At a time when Covid-19 is relatively discreet, another disease is challenging public health officials this month of April. The World Health Organization (WHO) announced on Friday that it would launch research into hepatitis of unknown origin, mostly found in young Britons.
Who are the victims?
This hepatitis, never identified in the past, mainly affects children under 10 years of age. Nothing new so far. “Hepatitis in children can happen, it’s not uncommon, but it’s always more annoying to see children affected by an epidemic,” comments Professor Yazdan Yazdanpanah, specialist in infectious pathology, who recalls that a large proportion of the cases detected were acutely susceptible to hepatitis. Some cases required transfer to a specialized liver disease unit. Still others – six so far – have had to undergo a transplant.
How many cases have been reported?
Overall, the UK has reported 74 cases of acute hepatitis to the World Health Organization, according to a latest census released on Friday. “Of the confirmed cases, 49 are in England, 13 in Scotland and the others in Wales and Northern Ireland,” explains the UK Health Security Agency. Five confirmed or possible cases have also been reported in Ireland and three in Spain, according to the WHO, which expects new reports in the coming days. No deaths were recorded.
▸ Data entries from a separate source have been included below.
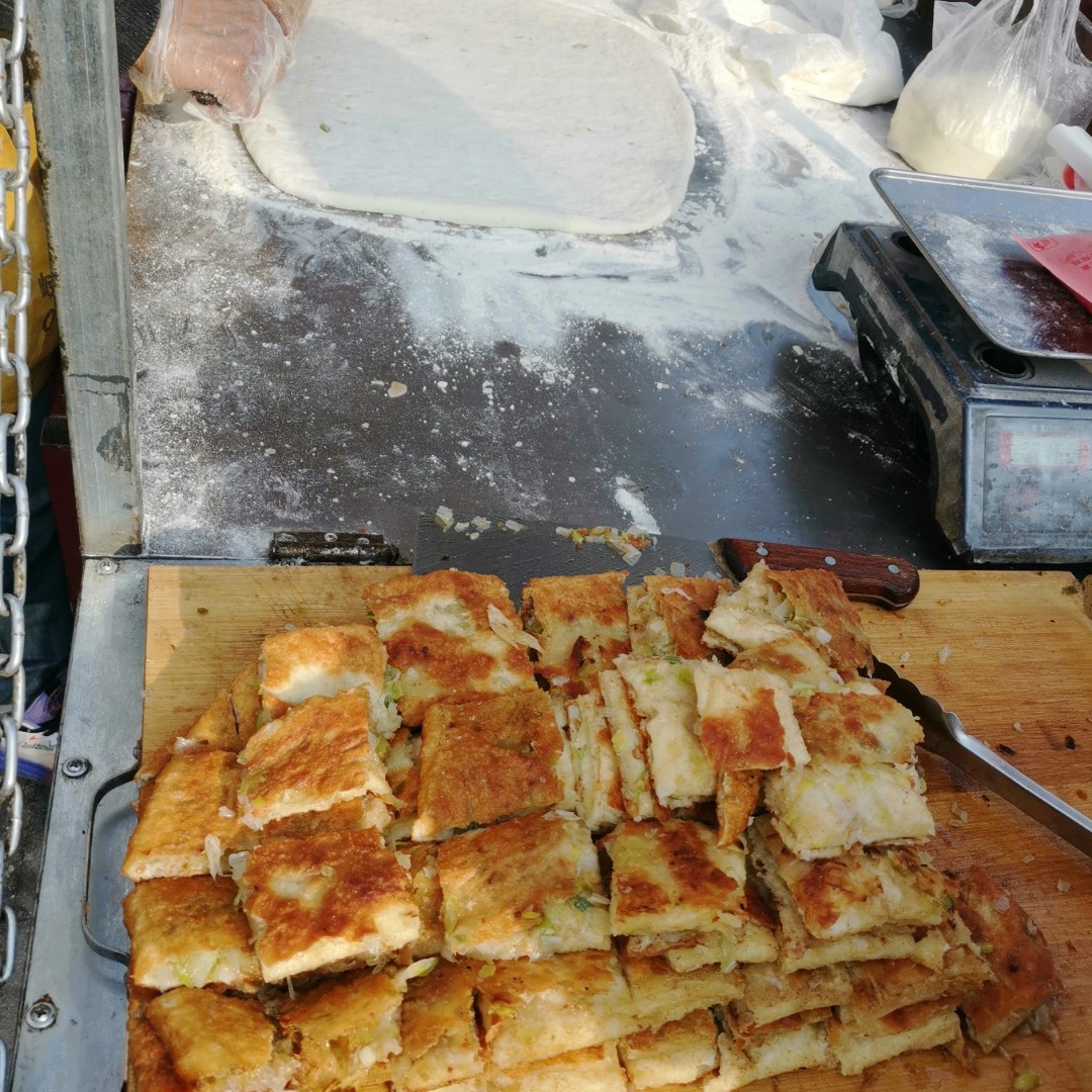 师傅戴着一次性手套,把醒好的面团擀得薄而均匀,撒上一把切碎的葱花,再层层叠叠卷起来,最后擀成大大的面饼。铁板上滋滋作响,金黄的油花慢慢浸透面皮,葱香混着麦香,在空气里飘出好远。
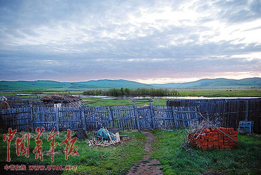 從海拉爾出發(fā),向北行駛4個(gè)小時(shí)左右,穿過(guò)陳巴爾虎旗草原和大興安嶺白樺林之后,來(lái)到恩和村。恩和村坐落在一個(gè)很大的山間谷地,得爾布爾河的支流淺淺地淌過(guò)這個(gè)小村莊,形成一片彎彎曲曲的濕地,河邊是起伏的草場(chǎng)和稀疏的樹(shù)林。周邊的山坡線條和緩,山坡上布滿了尚未變綠的草,白樺林一直延伸到山腳。
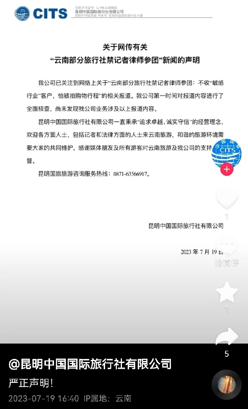 19日,昆明中国国际旅行社有限公司发布相关声明,称公司已关注到网络上关于“云南部分旅行社禁记者律师参团:不收‘敏感行业’客户,怕被拍购物行程”的相关报道,第一时间对报道内容进行了全面核查,尚未发现公司业务涉及以上报道内容。
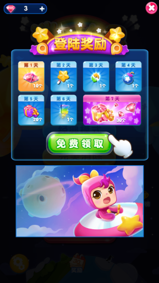 每天上线可以先领取登陆奖励,通过交换相邻的两个糖果,使三个或以上同色糖果连成一线即可消除。每个关卡都有特定目标,如收集指定数量的某种糖果、在步数内达到目标分数或清除所有果冻,需要巧妙规划每一步。除了经典闯关模式,游戏还提供限时挑战、收集模式等。
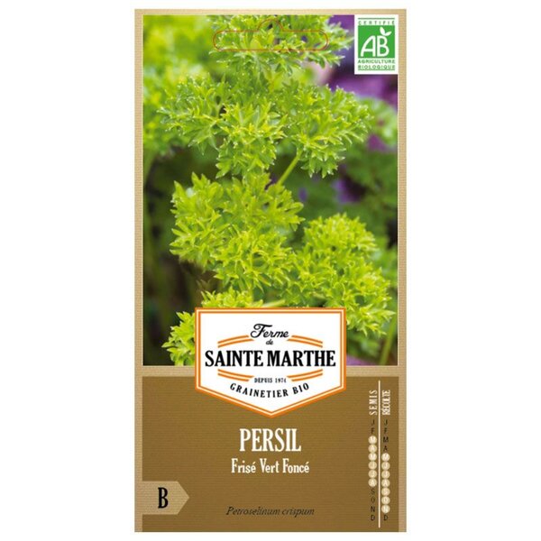 Le persil frisé vert foncé (Petroselinum crispum) produit des feuilles frisées et finement ciselées et donne un goût assez prononcéPour une cuisine nouvelle testez par exemple le pesto de persil et citron!Le semis se fait entre mars et août à exposition ombragée et la récolte / floraison entre mai et octobreContenance : 1,7 grammes pour 1000 grainesDécouvrez également le reste de notre gamme d'arômates (coriandre, ciboulette, thym...)
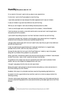 A puppet sketch about being humble and recognising that there are other who are important too based upon Luke 14: 7-14
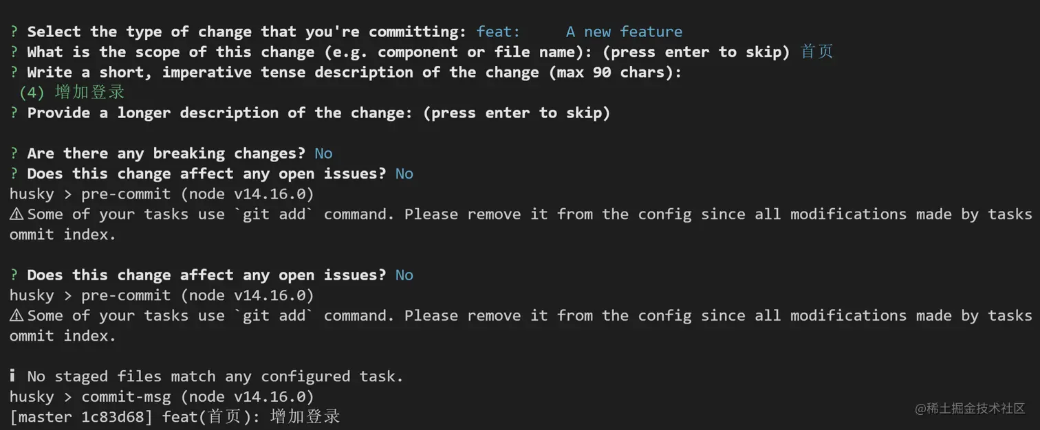 配置完成之后,我们就可以通过执行npm run cm来代替git commit,接着只需要安装提示,完成header、body和footer的编写,就能够编写出符合规范的Commit Message。
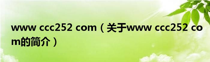 大家好,www ccc252 com,關于www ccc252 com的簡介很多人還不知道,現在讓我們一起來看看吧!
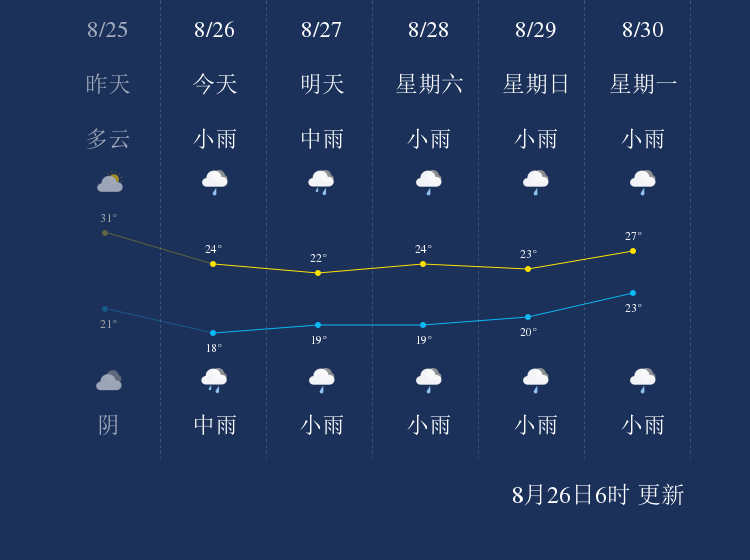 中国天气网讯 今天是8月26日星期四,一起来看天气。
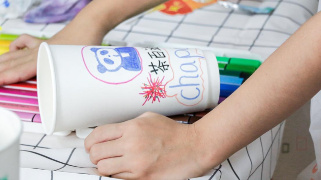 孩子在活动中绘制的奶茶杯

No case has been detected in France either, but Yazdan Yazdanpanah does not rule it out. “As long as it affects several geographical areas, several countries, it is possible,” estimates the scientist, “alert” to the occurrence of this disease.
What are the symptoms ?
The disease in question is manifested by symptoms noted in many forms of hepatitis. The UK Health Safety Agency (UKHSA) lists the most important ones: “dark urine, light gray stools, itchy skin, yellowing of the eyes and skin, muscle and joint pain, high temperature, abnormal tiredness, loss of appetite and abdominal pain”.
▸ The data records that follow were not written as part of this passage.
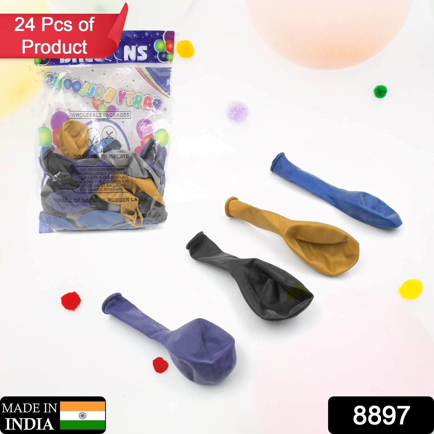 8897 Balloons Kinds of Latex Balloons for Birthday / Anniversary / Valentine's / Wedding / Engagement Party Decoration Birthday Decoration Items for Kids Multicolor (24 Pcs Set)
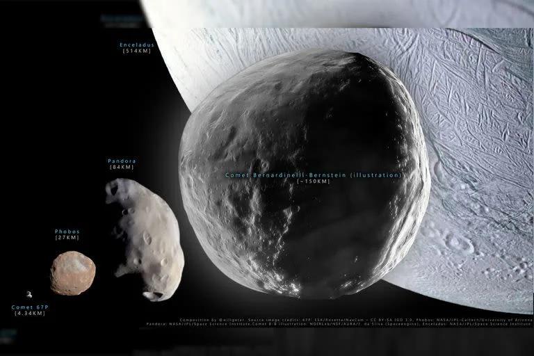 Los científicos y astrónomos Pedro Bernardinelli y Gary Bernstein, en colaboración con el observatorio Dark Energy Survey, realizaron el descubrimiento del ahora llamado Cometa Bernardinelli-Bernstein, un cuerpo celeste que tiene un tamaño de unos 160 kilómetros de diámetro, algo así como 10 veces un cometa normal o 7 veces el diámetro de Fobos, una de las Lunas de Marte.
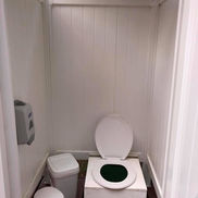 Bathroom tent with toilet, shower, sink and bathtub! Yes you can take a hot bath & gaze at the stars!
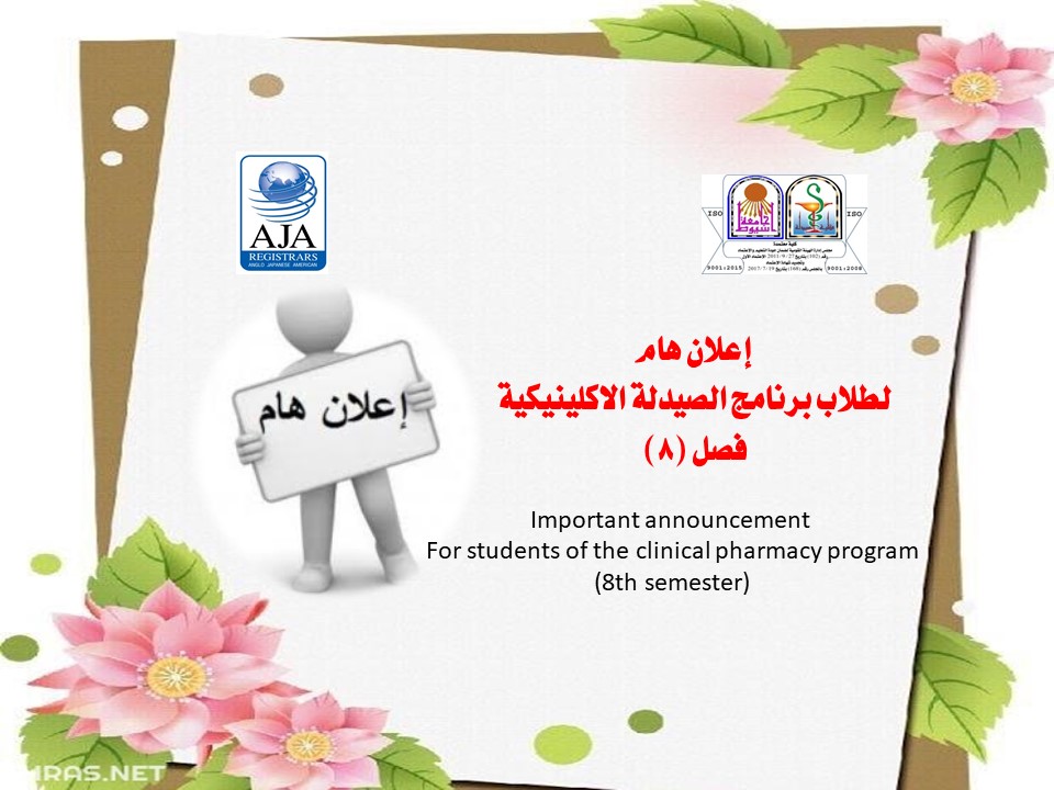 إعلان هام لطلاب برنامج الصيدلة الاكلينيكية فصل (8) لمقرر "علاج الاورام"
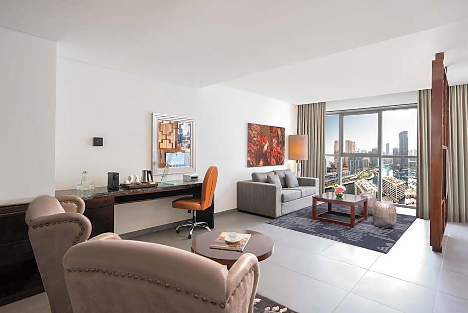 Located on the upper floors, this spacious 35 sqm nonsmoking One-Bedroom Club Suite features a comfortable king-size bed, a separate living room with a convertible sofa bed and large windows that offer partial Marina views. Enjoy amenities such as tea-making facilities, a coffee machine and complimentary seamless high-speed WiFi. The bathroom is equipped with a bathtub and eco-friendly products for your indulgence. Chromecast is available to elevate your entertainment experience. Guests staying in the One-Bedroom Club Suite enjoy exclusive access to the Club Lounge.
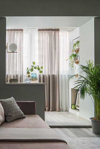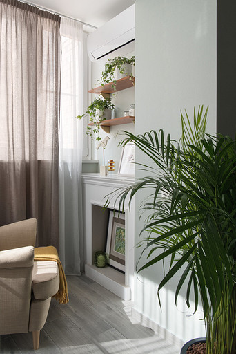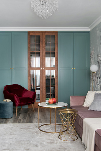 - Мебель: диван Garda Decor, столик мраморный LeHome, столик латунный Barcelona Design, ковер La Redoute, шкаф и тумба под ТВ — на заказ в мастерской Sotis, кресло MD House, пуфик SK Design, на лоджии кресло и пуф ИКЕА
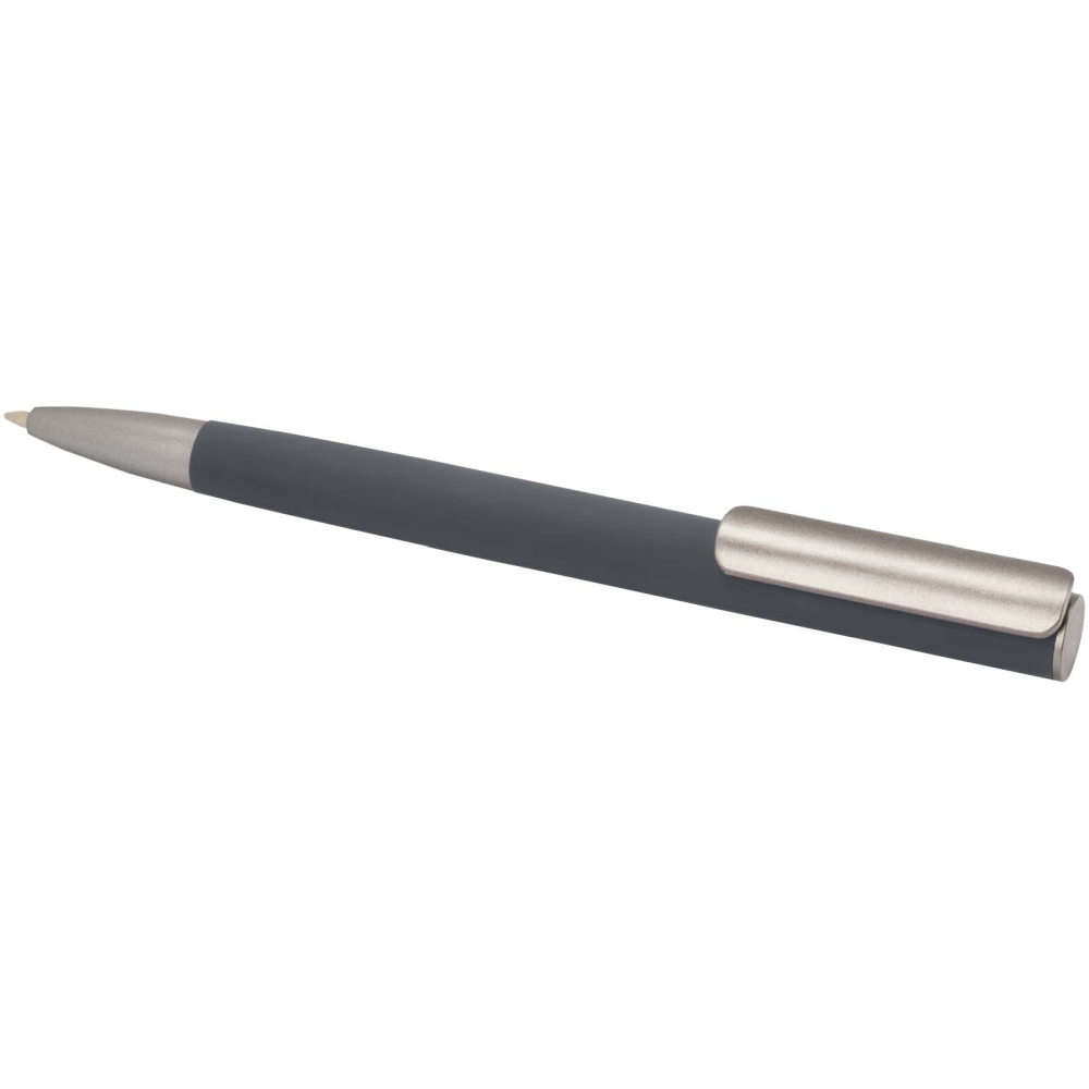 Propiska s tělem z recyklovaného hliníku a stříbrným klipem z ABS plastu. Snižuje také množství odpadu na skládkách a pomáhá šetřit přírodní zdroje s cílem snížit emise skleníkových plynů. Barva inkoustu: Černá. Délka psaní: 800 metrů. Rozměr hrotu: 1,0 mm. Rozměry: 14 x O 1,1 cm

Why are we talking about hepatitis?
Hepatitis is literally an inflammation of the liver. “It’s caused by inflammation of the liver enzymes, meaning cells in the liver are killed and markers go up, and this is usually followed by jaundice, more commonly known as jaundice,” explains Professor Yazdan Yazdanpanah. In this particular case, it is a case of hepatitis in the sense that the liver is the main organ affected, but no known viral hepatitis (A to E) was detected in the affected children.
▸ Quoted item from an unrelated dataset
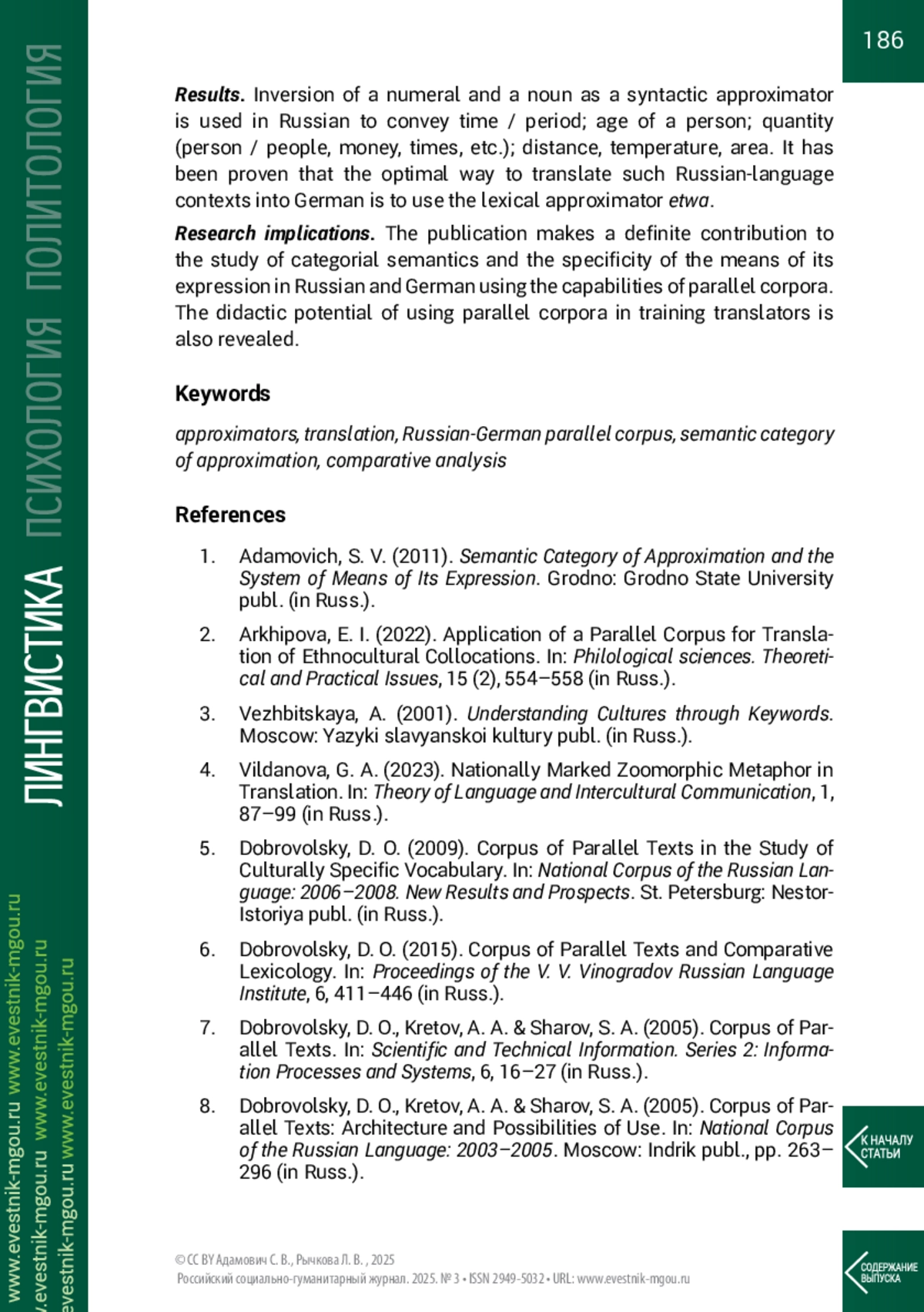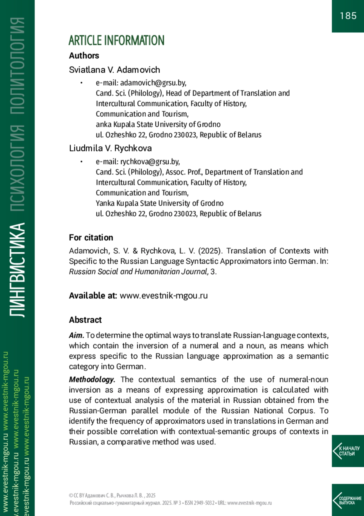 АДАМОВИЧ С. В., РЫЧКОВА Л. В. ПЕРЕВОД НА НЕМЕЦКИЙ ЯЗЫК КОНТЕКСТОВ СО СПЕЦИФИЧНЫМИ ДЛЯ РУССКОГО ЯЗЫКА СИНТАКСИЧЕСКИМИ АППРОКСИМАТОРАМИ // РОССИЙСКИЙ СОЦИАЛЬНО-ГУМАНИТАРНЫЙ ЖУРНАЛ. 2025. №3

What could be causing this new disease?
Multiple possibilities are being explored, as hepatitis “can be transmitted virally, through drugs, or even through food,” explains Yazdan Yazdanpanah. The WHO emphasized on Friday that Covid-19, or an adenovirus that has been on the rise in the UK in recent weeks, has been detected “in several cases”. However, their role is “not yet clear,” the organization continues. “Is it a coincidence that the affected children are carriers of Covid-19? It’s quite possible, believes Yazdan Yazdanpanah. Studies need to clarify that. “Other non-infectious factors are also being looked at, such as the trace of a food cause. The only certainty is that the link to the Covid vaccine has been ruled out as it has not been administered to any of the confirmed cases in the UK.
What to do to protect yourself against it?
“You have to stick to the usual basic rules, wash your hands,” recommends Yazdan Yazdanpanah. These measures “help reduce many of the infections we are investigating,” said Meera Chand of the British Health Security Agency. It also urges parents to be alert for the appearance of possible signs in their children and to contact a doctor if necessary. To date, “no other epidemiological risk factor has been identified, particularly recent international travel,” assures the WHO, which is “closely monitoring the situation” and recommending no restrictions on travel with the UK and other countries where cases have been identified.